• [TO DO]:
Locate, in the data below, the line that contains "- Safe Ride" and the line that contains "I am surprised"; reproduce exactly those two lines and every line between them, nothing more.

• [DATA PROVIDED]:
* * * * *

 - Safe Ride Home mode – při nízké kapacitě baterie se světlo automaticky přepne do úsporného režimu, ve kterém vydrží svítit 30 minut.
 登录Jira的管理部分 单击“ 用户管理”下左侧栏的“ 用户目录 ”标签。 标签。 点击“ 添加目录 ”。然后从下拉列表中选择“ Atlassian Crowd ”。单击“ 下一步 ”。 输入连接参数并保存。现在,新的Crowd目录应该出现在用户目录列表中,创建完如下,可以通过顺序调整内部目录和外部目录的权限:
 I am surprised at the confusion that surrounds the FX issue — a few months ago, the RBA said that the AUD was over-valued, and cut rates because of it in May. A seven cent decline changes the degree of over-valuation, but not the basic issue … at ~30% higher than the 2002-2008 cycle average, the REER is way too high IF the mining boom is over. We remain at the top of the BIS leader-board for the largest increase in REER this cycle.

* * * * *

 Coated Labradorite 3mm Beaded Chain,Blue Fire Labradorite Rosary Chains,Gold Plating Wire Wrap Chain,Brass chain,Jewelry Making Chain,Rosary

* * * * *

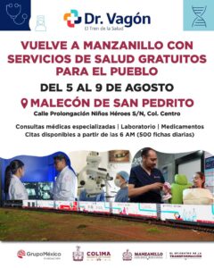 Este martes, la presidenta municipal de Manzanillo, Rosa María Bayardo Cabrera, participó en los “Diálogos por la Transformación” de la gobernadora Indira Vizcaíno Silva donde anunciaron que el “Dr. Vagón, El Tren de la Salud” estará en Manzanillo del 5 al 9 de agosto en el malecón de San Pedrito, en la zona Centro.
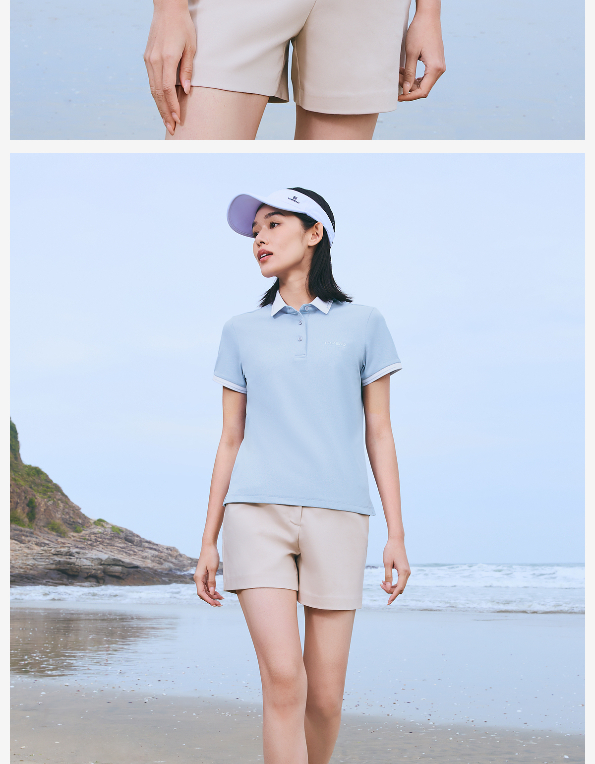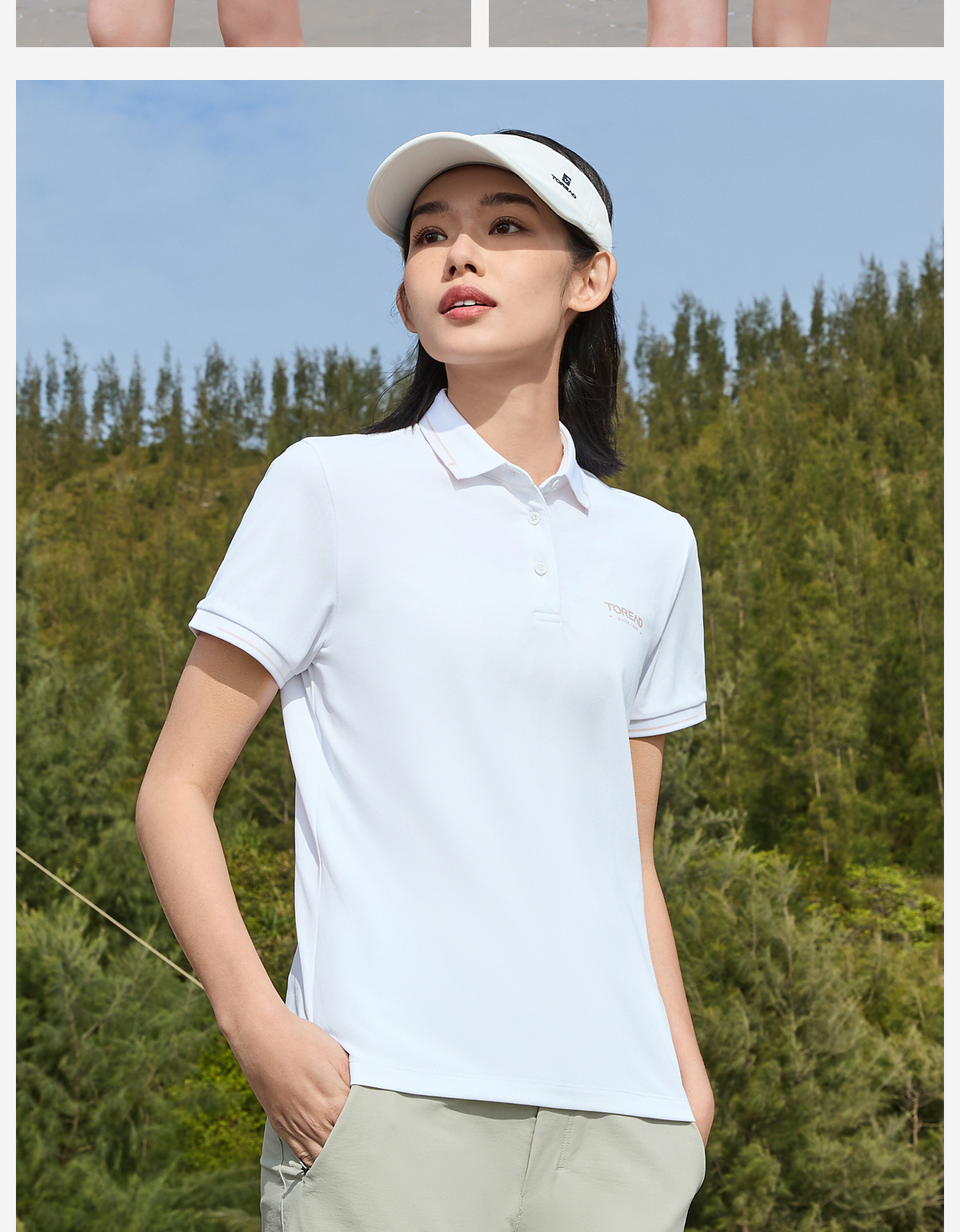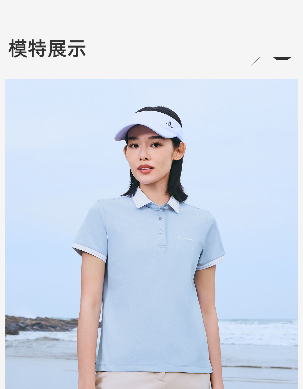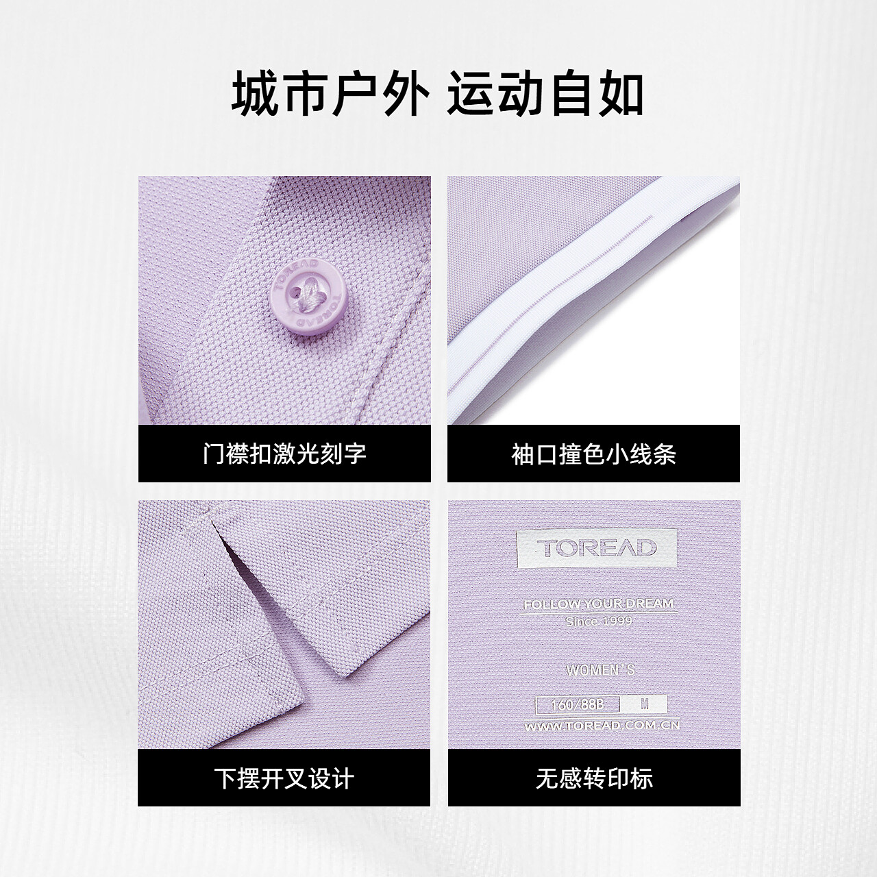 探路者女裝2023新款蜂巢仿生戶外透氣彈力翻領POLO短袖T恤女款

* * * * *

• [TASK SOLUTION]:
 - Safe Ride Home mode – při nízké kapacitě baterie se světlo automaticky přepne do úsporného režimu, ve kterém vydrží svítit 30 minut.
 登录Jira的管理部分 单击“ 用户管理”下左侧栏的“ 用户目录 ”标签。 标签。 点击“ 添加目录 ”。然后从下拉列表中选择“ Atlassian Crowd ”。单击“ 下一步 ”。 输入连接参数并保存。现在,新的Crowd目录应该出现在用户目录列表中,创建完如下,可以通过顺序调整内部目录和外部目录的权限:
 I am surprised at the confusion that surrounds the FX issue — a few months ago, the RBA said that the AUD was over-valued, and cut rates because of it in May. A seven cent decline changes the degree of over-valuation, but not the basic issue … at ~30% higher than the 2002-2008 cycle average, the REER is way too high IF the mining boom is over. We remain at the top of the BIS leader-board for the largest increase in REER this cycle.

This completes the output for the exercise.